Qui connaît Madeleine Delbrêl (1904-1964) en dehors des milieux catholiques sociaux ? Personne.

Tout d’abord, parce qu’elle est morte il y a exactement soixante ans (en 1964). Notre époque oublie d’autant plus vite que les médias sont devenus omniprésents et nous surinforment de plus en plus, sans parler de ce cancer métastasé que sont les réseaux (a)sociaux. Le temps s’accélère incroyablement et la mémoire se rétracte. Le Général de Gaulle n’est plus qu’un nom d’avenue, Bonaparte un fantôme, Rabelais un extraterrestre. L’oubli collectif engloutit les grands comme les humbles. C’est pour cela que j’ai entrepris également de faire une recension complète des romans de Gilbert Cesbron, qui fut en son temps un écrivain très célèbre et qui est totalement inconnu de nos jours, sauf par les plus vieux lecteurs encore vivants.

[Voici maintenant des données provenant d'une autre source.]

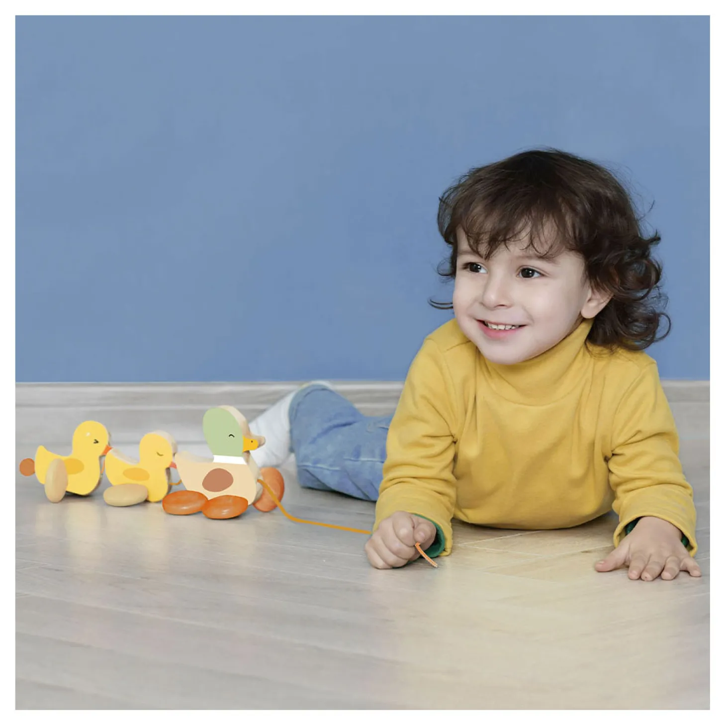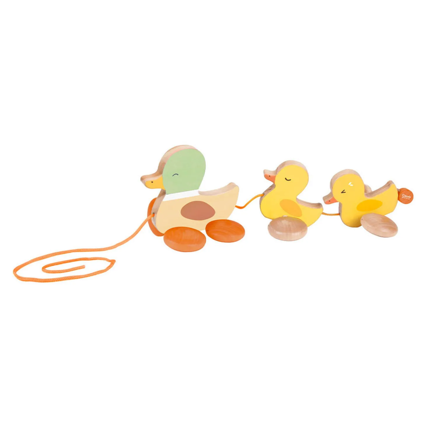 Ga op stap en neem deze lieve eendjes mee! Vader eend wil graag met zijn kuikens met je mee op avontuur. Houdt het koortje goed vast en trek ze achter je aan. Deze houten eendjes hebben vrolijke kleuren en lieve gezichtjes. Ze zijn geschikt voor kinderen vanaf 12 maanden.

Ensuite parce qu’elle appartient à un monde qui s’estompe, celui du catholicisme social des années 1930-1960. Bien sûr, il existe encore un catholicisme social, mais il est sans grand écho dans notre société, malgré les efforts de la presse catholique française. Madeleine Delbrêl est contemporaine de l’Abbé Pierre lançant l’aventure Emmaüs, elle l’est aussi du père Wrezinski créant ATD-Quart Monde. Deux associations qui perdurent, car étroitement liées à la grande pauvreté, qui ne fait que s’accroître. Mais Madeleine D. n’a pas laissé une telle structure, qui puisse garder sa mémoire. Citons cependant l’Association Madeleine Delbrêl, qui entretient la flamme, mais avec une audience réduite à son monde catholique.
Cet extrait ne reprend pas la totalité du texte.